CSE 417 Assignment #3
Winter 2002

Due: Friday, February 1, 2002.

Reading:

Chapter 4.

Problems:

  1. Simulate the execution of the Approximate String Matching algorithm (section 3.1.3) on the strings
    S1 = A C G A G T T
    S2 = A A C G A T G T
    Show both the D matrix and the "backtrace" arrows in it for this input. How many optimal edit sequences are there? List it/them.

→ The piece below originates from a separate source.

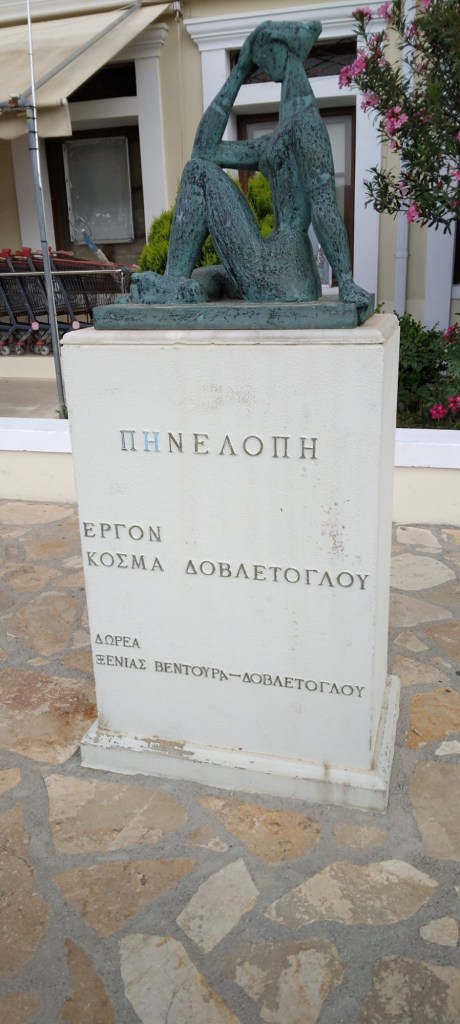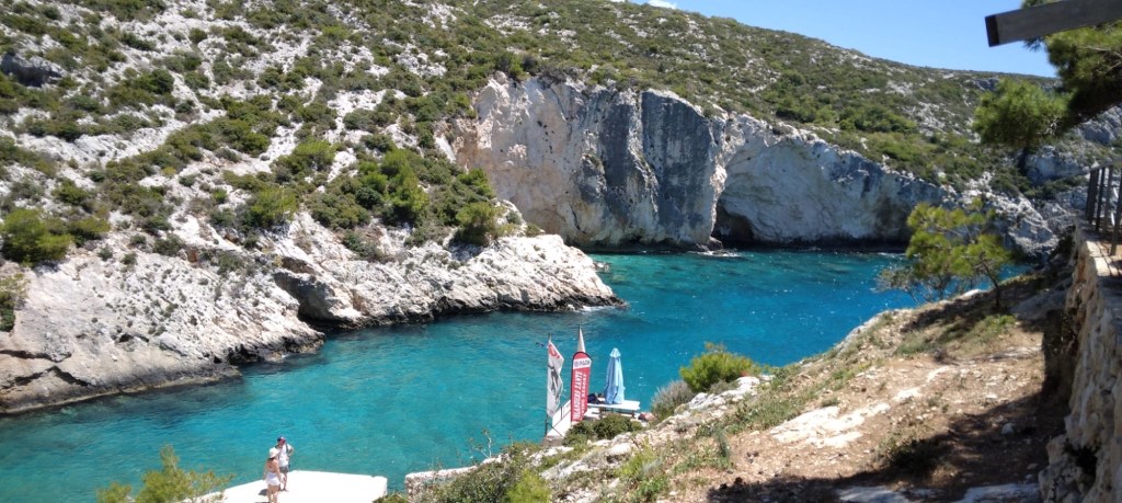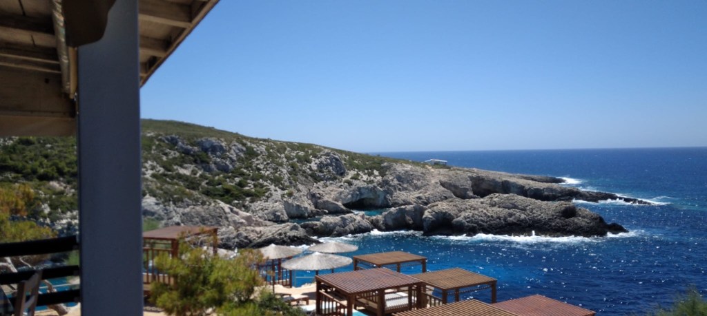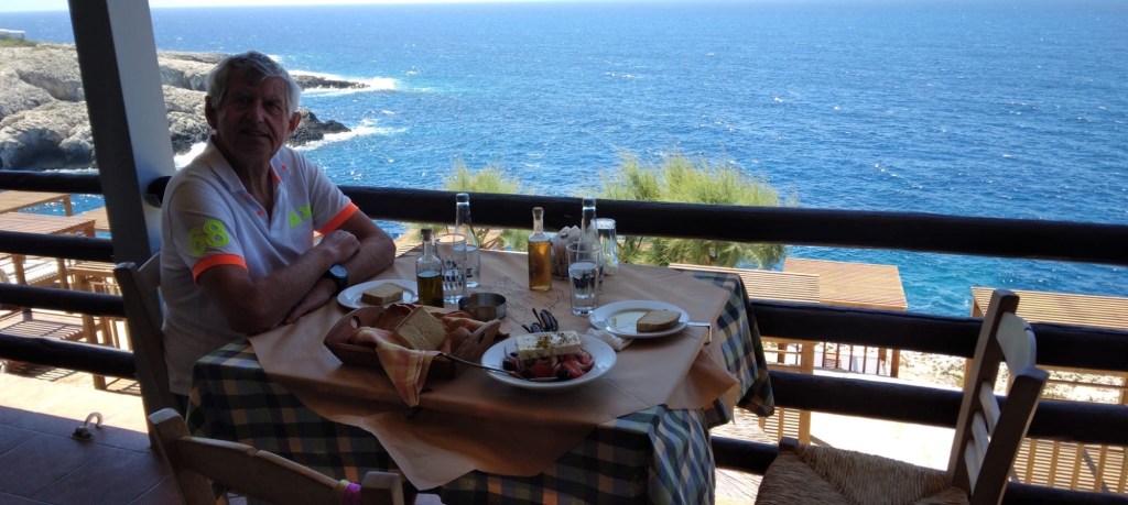 We rijden ongeveer het hele eiland rond. Langs de oostkust te noorden van de stad is het een soort Torremolinos, veel stranden, goedkope tavernas en veel mensen. In de bergen aan de noordpunt zijn wat kleine dorpjes maar die zijn duidelijk niet in de economische groei meegekomen. Het ziet er niet welvarend uit en er is weinig te zien. Verder naar het zuiden komen we langs een goede olijfpers in een dorpje dat er leuker uit ziet. We proeven en kopen olie voor thuis en voor aan boord. Vivi, die ons helpt, wijst ons de weg naar de beste strandtent voor de lunch, in Liminioki baai. Het weggetje erheen is 10 kilometer lang en supersteil naar beneden. We genieten van de mooie uitzichtpunten. We melden in de taverna bij Ioannis dat Vivi ons heeft gestuurd dus we krijgen een heel mooi tafeltje met zicht op de kliffen en de zee. En we eten inderdaad heerlijk.

  2. A common mistake when typing English text is the transposition: tow consecutiev lettesr typde ni hte wrogn roder. When comparing two such strings, the Approximate String Matching algorithm will charge 2 for each transposition, but only 1 for equally common mistakes like inserted or deleted letters. Give a variant of the algorithm that also allows a "Flip" operation, which interchanges two consecutive letters in one of the strings, also at a cost of one unit. Give a brief justification of why your algorithm is correct, and analyze its run time. Show an example of its execution on the sequences "hte" vs "the".

  3. Skiena's text page 78, Problem 3-3.

  4. (Extra Credit) For many applications of Approximate String Matching (including biological sequence comparison), it is not appropriate to assume the cost of a gap (several consecutive inserts or consecutive deletes) is simply a multiple of the length of the gap. I.e., a gap of length 10 may not be exactly half as common as a gap of length 5. One attractive alternative (usually called "affine gap penalties") is to charge a*x+b units for a gap of length x, for some appropriate constants a and b. (Although it doesn't matter for this problem, you would typically have a << b, so that gaps are relatively expensive to start, but once started, are not so expensive to extend.) Give a variant of the string matching algorithm that handles this scoring model for insert/delete, in addition to the usual one for matching/substituting letters. Hint: One solution I know uses an additional n by m matrix.